Petroleum source rocks occur in most Ordovician sedimentary strata in North America, northern Europe, South Africa, central Australia, and the Baltic area. Many of the source rocks are condensed shales within carbonate-evaporite sequences. Compared with other geologic periods, little oil originates from Ordovician source rocks, but they are important sources for some petroleum systems. Some examples include,

  1. the Albion-Scipio field, the only giant field in the Michigan Basin, which contains petroleum generated from Ordovician Trenton-Black River source rocks and

  2. the very productive Ordovician Simpson and Ellenburger formations of the west Texas Permian Basin, which aregenerally recognized as sourced from the Ordovician Simpson source rocks.

Widespread organic-rich source rocks were deposited during the Late Ordovician Period (Caradocian Stage) as part of an extensive marine transgression before the major glaciation. Upper Ordovician (mostly Caradocian) black shales (e. g. Vinini, Utica/Antes, Trenton, Maquoketa, Sylvan and Simpson, and equivalents) are widespread in North America, as are the Dicellograptus and Clinograptus shales of Northern Europe making many of them potential for unconventional oil exploration.

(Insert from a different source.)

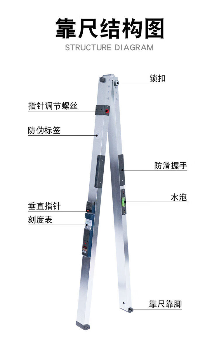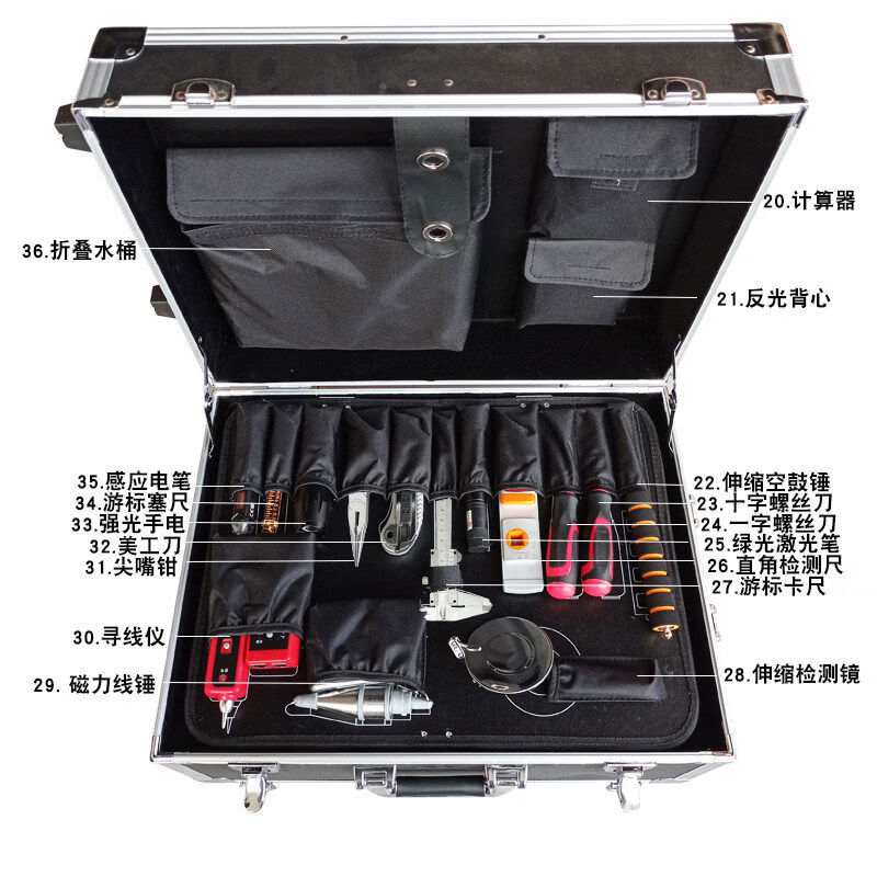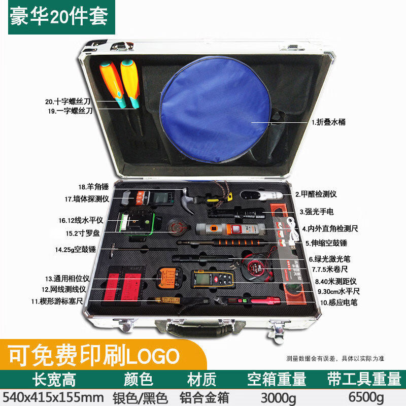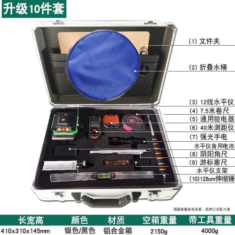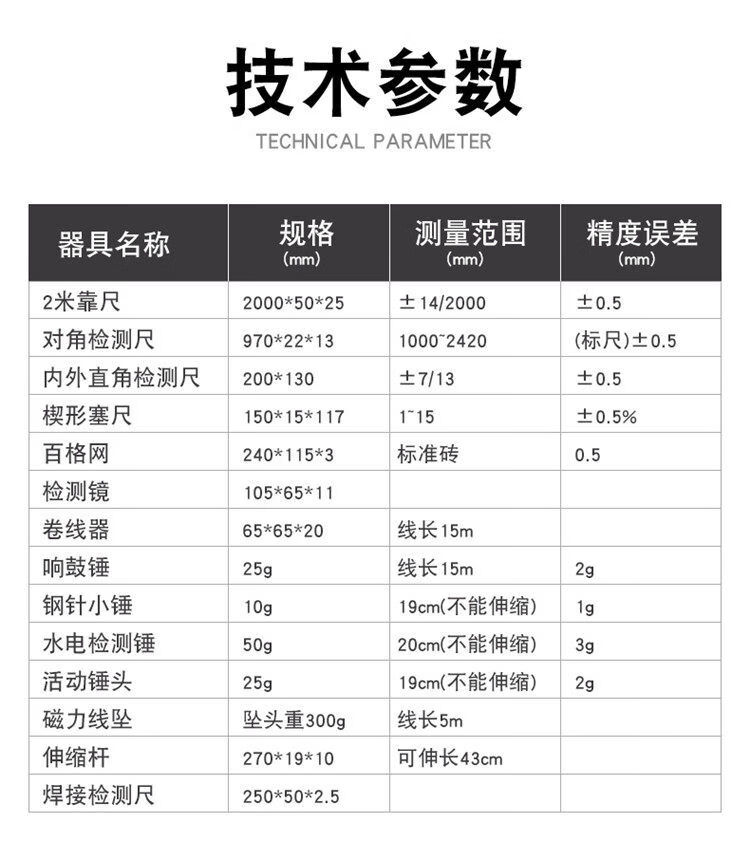 2-meter ruler, two-meter project vertical flatness detection ruler, folding level ruler, house inspection tool set, empty drum hammer, luxury 16-piece set including 12-line level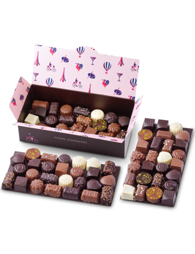 Retrouvez avec cet assortiment de chocolats au lait, noirs et blancs une véritable palette de saveurs : des ganaches onctueuses, des pralinés torréfiés à cœur, pâtes d'amandes, nougatines et bien d'autres à découvrir. Créés et fabriqués en France à partir des ingrédients les plus fins, les chocolats de Neuville raviront tous les palais avec des recettes classiques comme des plus originales. Toute la force et la douceur d’un chocolat de qualité pour succomber à la tentation et partager un agréable moment chocolaté. Un joli cadeau chocolaté pour soi ou pour ceux qu’on aime. Créez l'effet de surprise en choisissant la livraison de chocolats à domicile. Vos proches recevront un ballotin de chocolats accompagné d'une carte message personnalisé.

In recent years, the Utica formation in Ohio has received the majority of industry focus for unconventional oil exploration while many other North American Ordovician formations have gone relatively unexplored. Possible explanations for the limited exploration of the Ordovician Shale are possibly due understanding the maturation levels within the formations. With most of the Ordovician formations appearing in the gas window, these formations are overlooked for exploration in the present hydrocarbon markets. A complete understanding of the maturity levels of the Ordovician aged source rocks needs to be accomplished in order to locate the potential for productive unconventional oil. With a review and understanding of the regional geology, log analyses, geochemical and maturity data of the various Ordovician formations, it is believed that there are many additional areas in North America that have the potential for Ordovician unconventional oil production.